Beijing E-Hualu Information Technology Co., Ltd. (300212.SZ) - Revenue Analysis
Recent top-line performance shows mixed momentum: a sequential recovery in Q3 2025 contrasted with a material year-over-year contraction across 2024 and the trailing twelve months.
- Q3 2025 revenue: CNY 107.85 million (up 15.70% vs. Q2 2025).
- TTM revenue: CNY 447.91 million (down 9.32% YoY).
- FY 2024 revenue: CNY 464.80 million, a decline of 39.24% from CNY 764.97 million in 2023.
| Metric | Value | Change / Notes |
|---|---|---|
| Q3 2025 Revenue | CNY 107.85 million | +15.70% vs. prior quarter |
| TTM Revenue | CNY 447.91 million | -9.32% YoY |
| FY 2024 Revenue | CNY 464.80 million | -39.24% vs. FY 2023 (CNY 764.97M) |
| Employees (Dec 31, 2024) | 922 | Revenue per employee ≈ CNY 485,800 |
| Market Capitalization (Dec 2, 2025) | CNY 13.35 billion | P/S = 29.80 |
- Primary causes of revenue decline:
- Contraction in the data lake business segment.
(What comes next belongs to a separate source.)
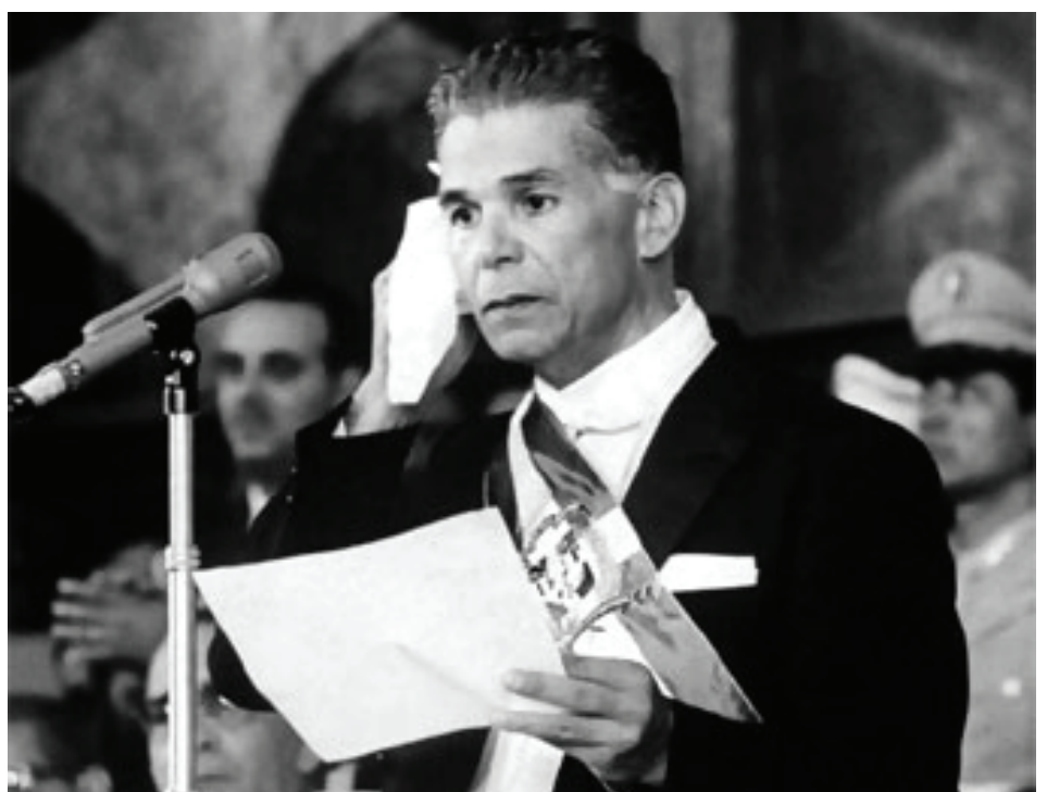
En el Congreso.

- Accounting/revenue recognition adjustments for certain projects.
- Sequential recovery drivers in Q3 2025:
- Timing of project deliveries and backlog conversion.
- Operational measures to stabilize sales after 2024 contraction.
- Investor-relevant metrics:
- High P/S (29.80) implies elevated market expectations relative to current sales.
- Revenue per employee (≈ CNY 485,800) provides an efficiency benchmark vs. peers.
For broader corporate context and strategic direction, see: Mission Statement, Vision, & Core Values (2026) of Beijing E-Hualu Information Technology Co., Ltd.
Beijing E-Hualu Information Technology Co., Ltd. (300212.SZ) - Profitability Metrics
Recent profitability indicators for Beijing E-Hualu show deepening losses across margins, returns and operating performance. Key numerical signals point to cost structures and revenue challenges that investors should weigh carefully.
- Net loss (2024): CNY 2.86 billion, a 51.6% increase from 2023's loss of CNY 1.89 billion.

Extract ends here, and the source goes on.